Читаем Старики и бледный Блупер полностью

Один за другим сжигая магазины в своей M16, я испытываю чувство гордости за то, что на меня нападают эти твердожопые малыши с латунными яйцами, и за то, что я убиваю их. Из всего, что я повидал тут за последнее время, самое вдохновляющее зрелище — эти гуки из СВА и то, как они идут в атаку. Наступают ладно и нахально, лучшая легкая пехота со времен бригады «Каменная стена».

* * *

Гром оборачивается к нам и говорит: «Черного Джона Уэйна гасят».

* * *

Отделение черных морпехов Черного Джона Уэйна бьется в полный рост, заняв траншею на периметре.

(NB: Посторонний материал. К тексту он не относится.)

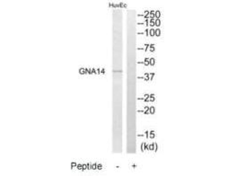 The MGC Project Team, Genome Res. 14:2121-2127(2004).Aliases: AU023208 antibody, g alpha 14 antibody, G alpha-14 antibody, G protein alpha subunit 14 antibody, G protein subunit alpha 14 antibody, G-protein subunit alpha-14 antibody, gna14 antibody, GNA14_HUMAN antibody, Guanine nucleotide binding protein (G protein) alpha 14 antibody, Guanine nucleotide binding protein 14 antibody, Guanine nucleotide binding protein alpha 14 subunit antibody, Guanine nucleotide binding protein subunit alpha 14 antibody, Guanine nucleotide-binding protein subunit alpha-14 antibody, MGC105546 antibody, OTTHUMP00000021515 antibody, Tieg3 antibody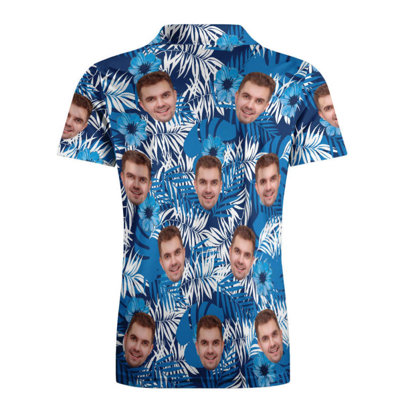 Herren-polo-shirt Mit Individuellem Gesicht, Personalisierte Golf-shirts Für Ihn, Blaue Blätter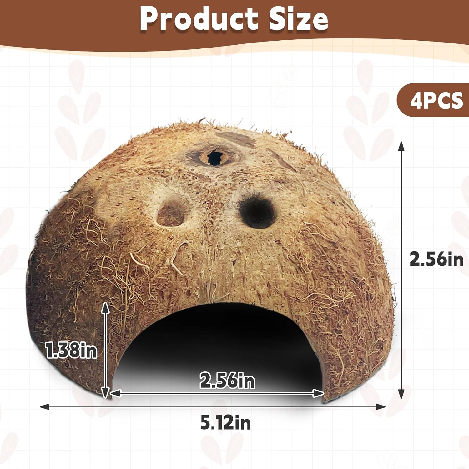 PINVNBY Natural Coconut Reptile Hideouts Lizard, Coco Hut Hermit Crab Hut Aquarium Fish Hide Cave for Small Reptile Crested Gecko Leopard Gecko Spider Snail Climber Toys (4 PCS Natural Surface)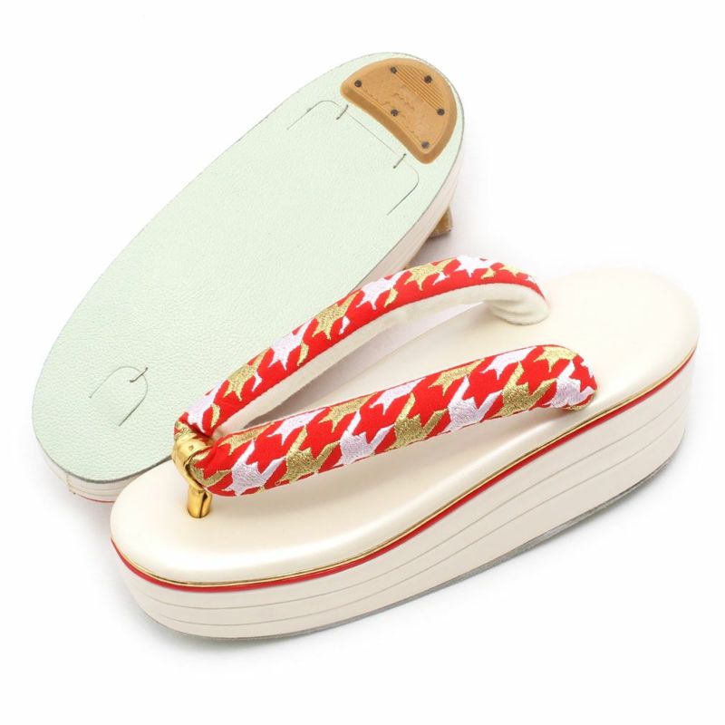 草履バッグセット 成人式 振袖用 < 紗織 キステオリジナル > Lサイズ 日本製 正絹 < ホワイト ・ レッド / 麻の葉 >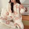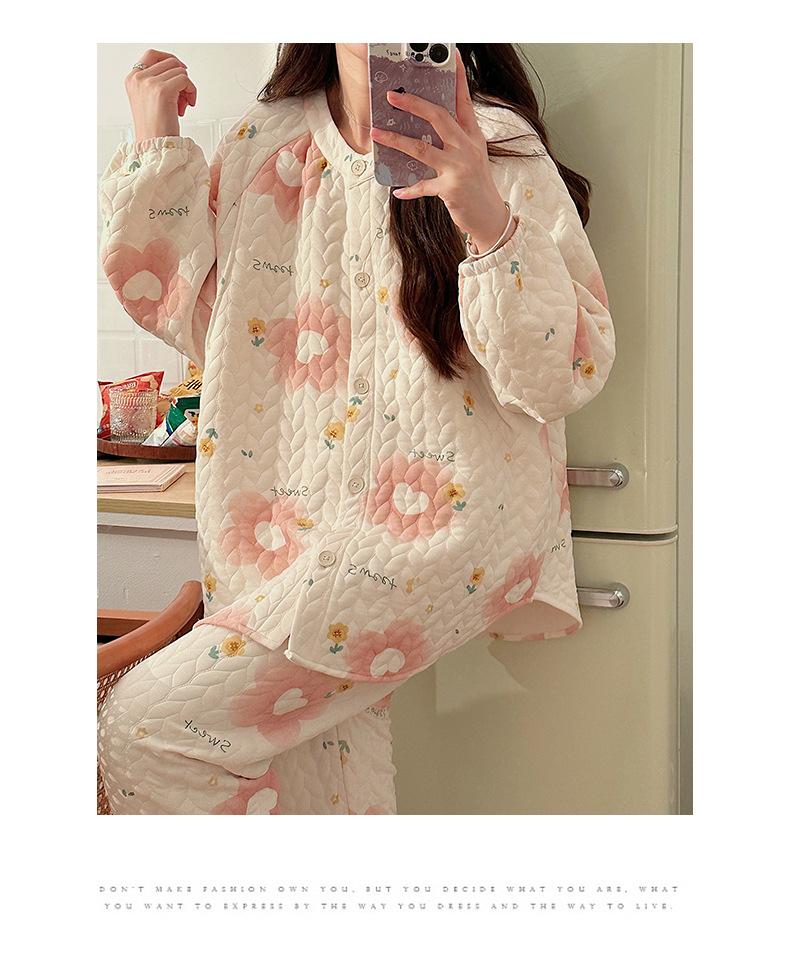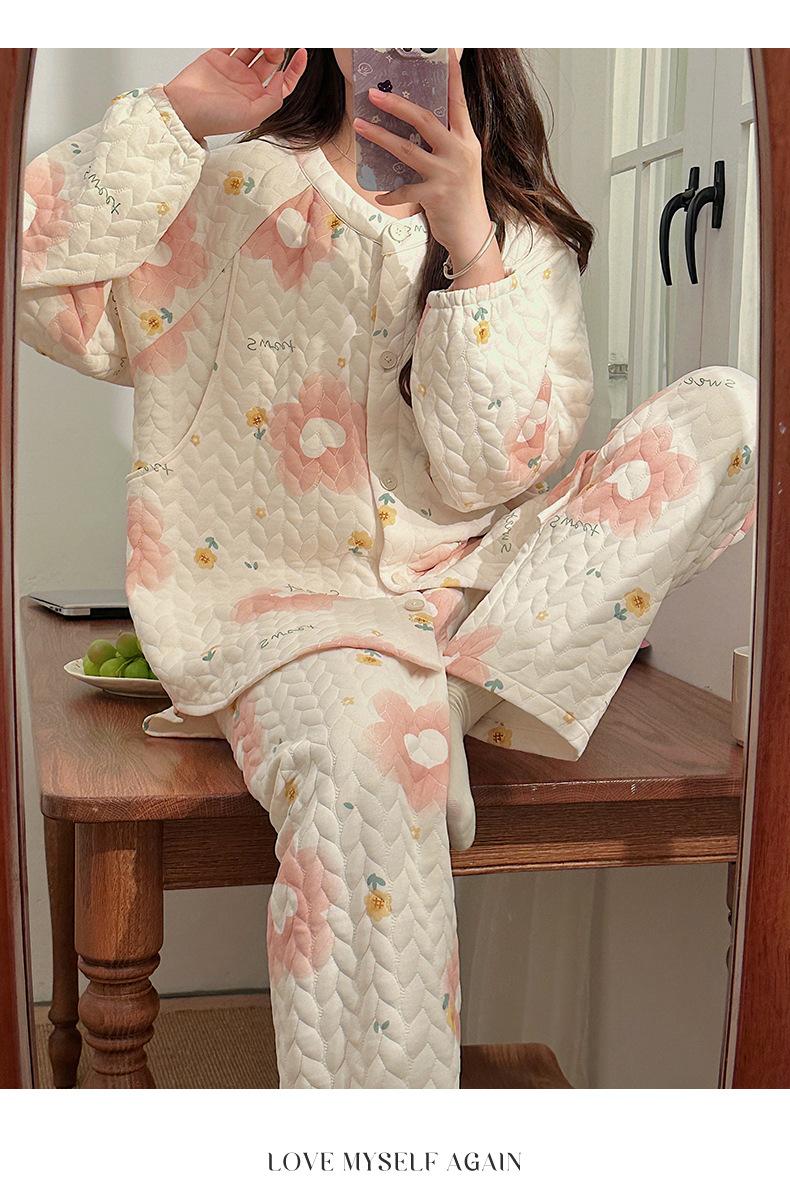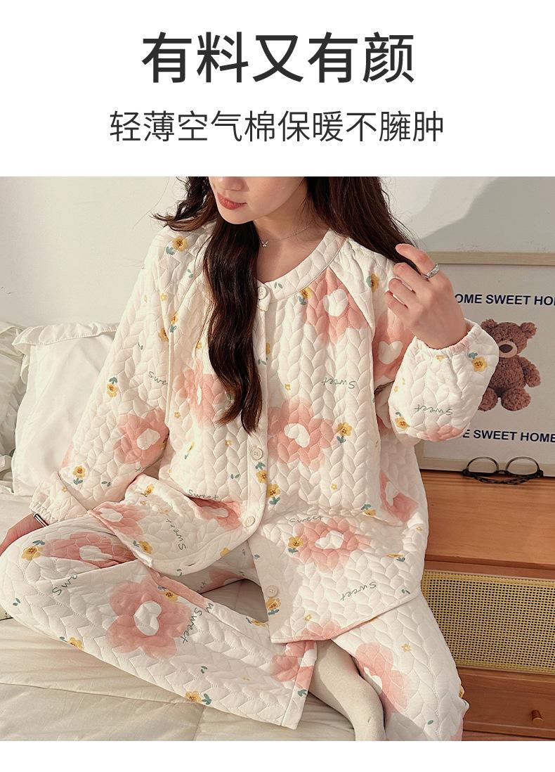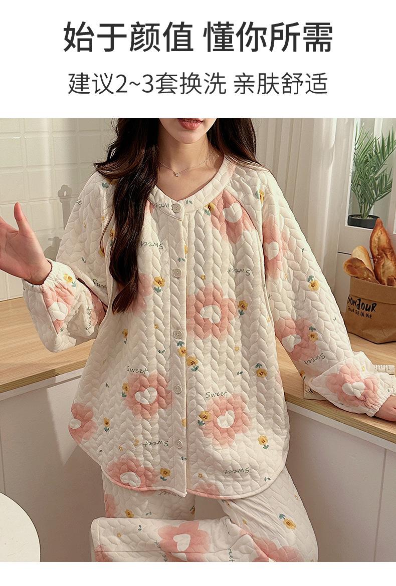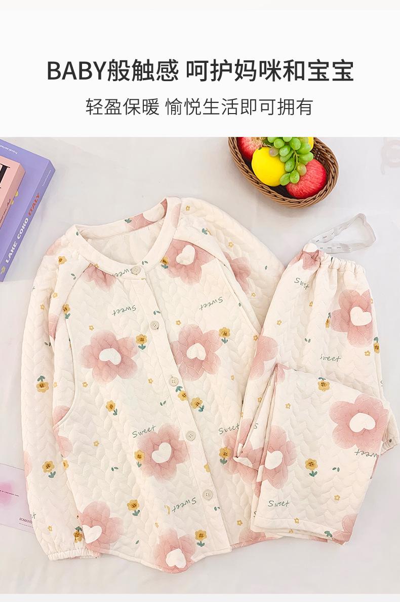 Ropa Yuezi para el Hogar Enmei Otoño Nuevo Sándwich de Algodón Aire Mujeres Embarazadas Lactancia Dos Piezas Ropa para el Hogar Talla L-3XL

Черный Джон Уэйн твердо стоит над траншеей, громадней, чем Кинг-Конг, и в упор палит из пулемета M60 по накатывающейся волне из миллиона с чем-то гуков. Черный Джон Уэйн с сородичами бьются в рукопашной, пока их не отрезают и не окружают.

Мы с Громом и Папой Д. А. выскакиваем из блиндажа быстрей, чем гук рисом серанет, и херачим по скользкому помосту, дергаем салаг, чтоб вставали.

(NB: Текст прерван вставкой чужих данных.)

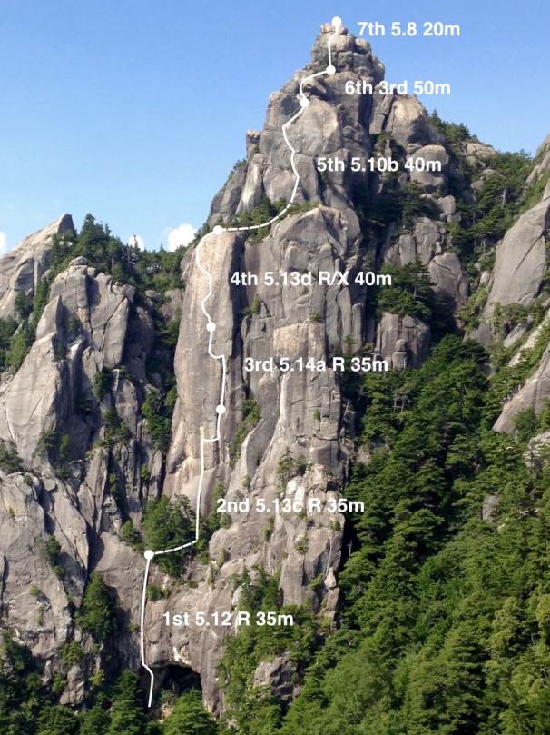 Те работеха върху свързването в едно на седемте въжета на изключително трудния и опасен trad-маршрут “Senjitsu-no Ruri” (5.14a, R/ X, 250 м). Финалното цялостно изкачване бе осъществено през април т. г.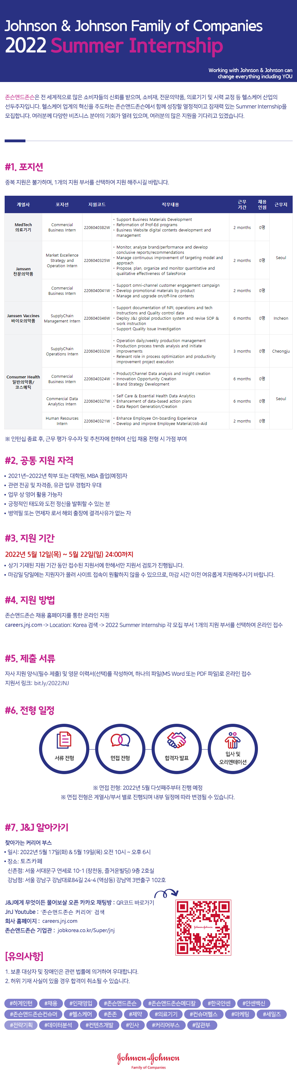 존슨앤드존슨의 모든 임직원들은 한번에 한 사람씩, 전세계 인류를 보살피는 일을 한다는 사명감을 갖고 있습니다. 존슨앤드존슨은 연구와 과학에 대한 기회를 개발함으로써, 인류의 건강과 삶의 질을 향상시킬 수 있는 혁신적인 아이디어, 제품 및 서비스를 제공합니다.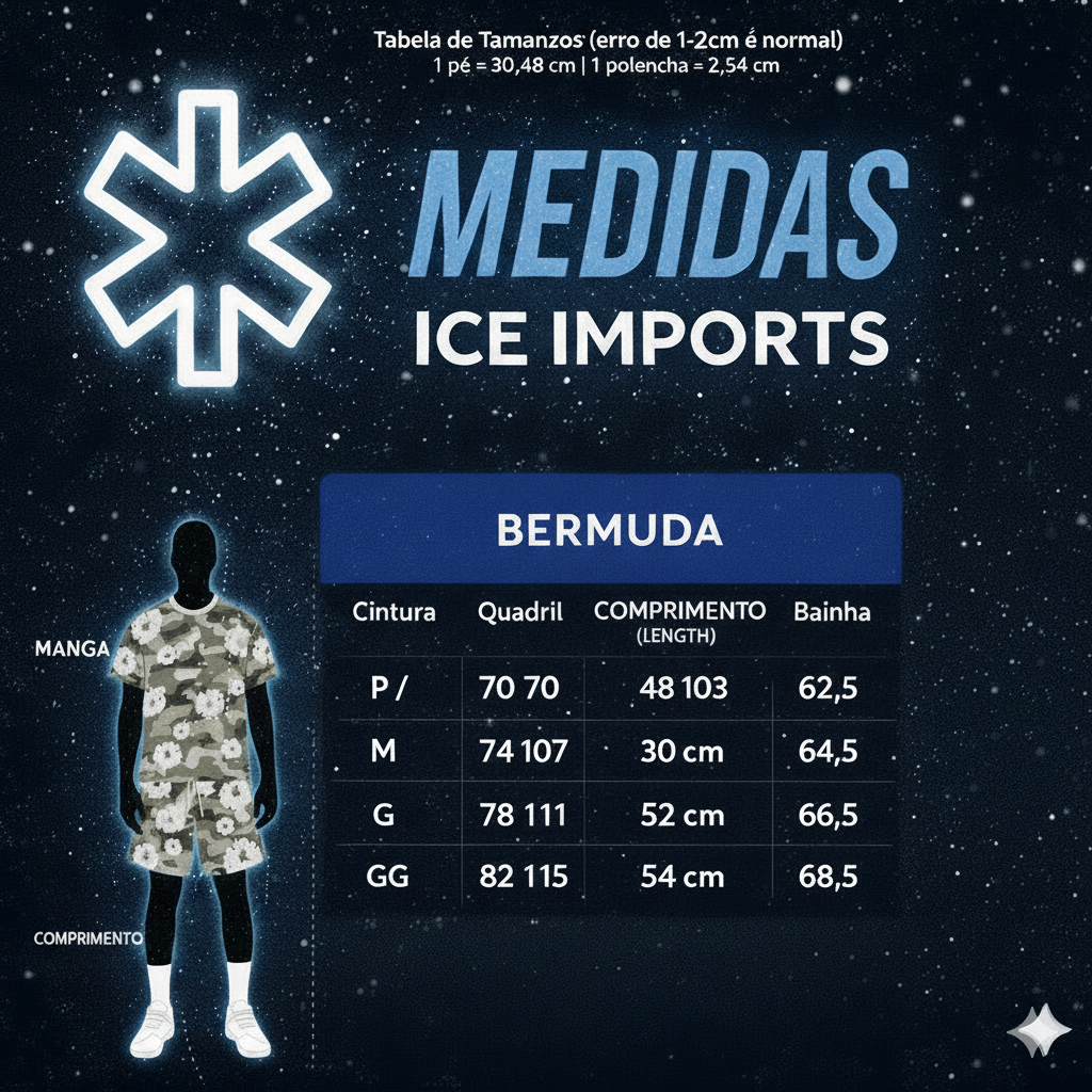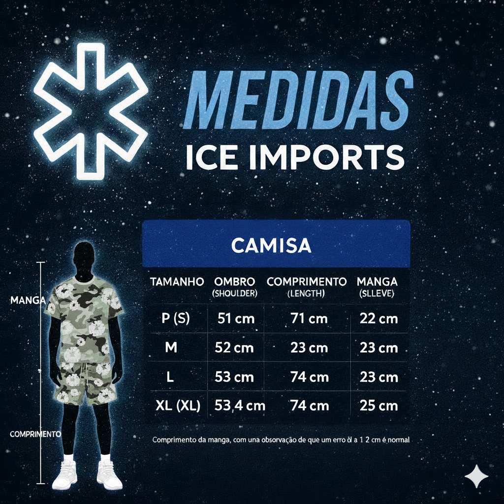 A camiseta apresenta a icônica “Cotton Wreath” distribuída por toda a estampa camuflada, enquanto o short segue o mesmo visual, formando um conjunto harmonioso, moderno e cheio de personalidade. Uma peça para quem busca estilo autêntico e significado por trás do design.

Когда мы беглым шагом добираемся до позиции Черного Джона Уэйна, с нами вместе пятьдесят морпехов из четырех разных взводов, и мы гоним, гоним по венам адреналиновую смесь, очищая кровь от ненужного, заполняя ее дикой животной злобой и праведным негодованием, гоним, гоним, мы ведь хряки Соединенных Штатов, и мы вышли на битву, и — бог тому свидетель — сгораем от желания убить любого, кто тронет, на хер, наших друзей, мы вбегаем в ураганный вихрь черных железяк как толстожопые птицы, и мы все сейчас умрем, и не можем дождаться этого мига, потому что жить в дерьме — кайф, и мы чувствуем, как нам весело, что все у нас как надо, и все чертовски здорово, и делаем мы то, за чем пришли, и делаем все реально по уму, и мы знаем о том.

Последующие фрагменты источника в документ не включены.